Please find the talk details below. Best regards,
Misha Tyomkyn.
Row-Hamiltonian Latin squares and perfect 1-factorisations Jack Allsop Monash University October 12, 2023, 12:20 in S6
Abstract A Latin square of order $n$ is an $n \times n$ matrix of $n$ symbols, such that each symbol occurs exactly once in each row and column. Let $L$ be a Latin square of order $n$. Each pair of distinct rows of $L$ forms a $2$-line permutation. If this permutation is a single $n$-cycle, for any choice of rows, then $L$ is called row-Hamiltonian. Each Latin square has six conjugate Latin squares, obtained by uniformly permuting the coordinates of its $(\text{row}, \text{column}, \text{symbol})$ triples. Let $\nu(L)$ denote the number of conjugates of $L$ which are row-Hamiltonian. It is known that $\nu(L) \in {0, 2, 4, 6}$ and for each $m \in {0, 2, 6}$ there are known infinite families of Latin squares with $\nu = m$. We construct the first known infinite family of Latin squares with $\nu=4$.

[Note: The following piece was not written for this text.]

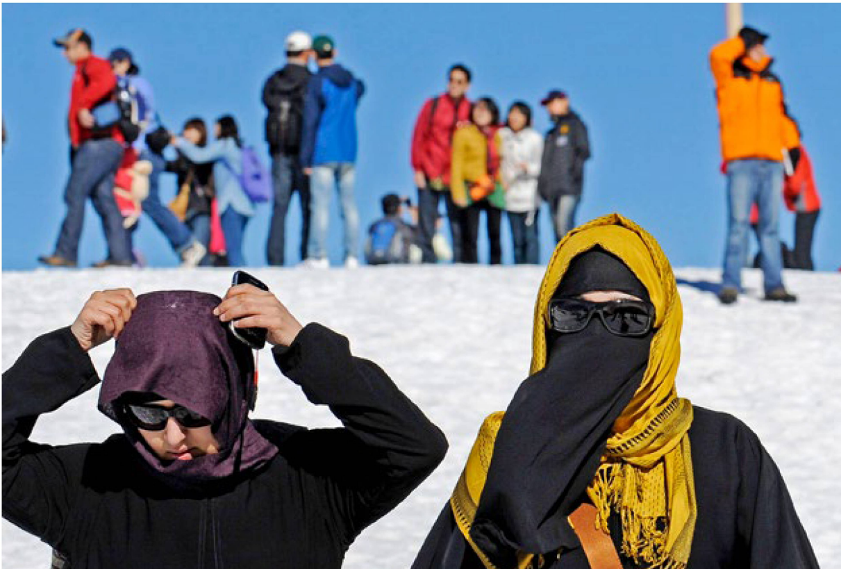
Tourists will not be allowed to wear full-face coverings in future – even to keep out the chill wind on the Jungfrauoch.

A $1$-factorisation of a graph is a partition of its edge set into $1$-factors. A $1$-factorisation is perfect if the union of edges in any pair of its $1$-factors forms a Hamiltonian cycle. A perfect $1$-factorisation of the complete bipartite graph $K_{n, n}$ is equivalent to a row-Hamiltonian Latin square of order $n$. Our family of Latin squares with $\nu=4$ allows us to build the eighth known infinite family of perfect $1$-factorisations of complete bipartite graphs.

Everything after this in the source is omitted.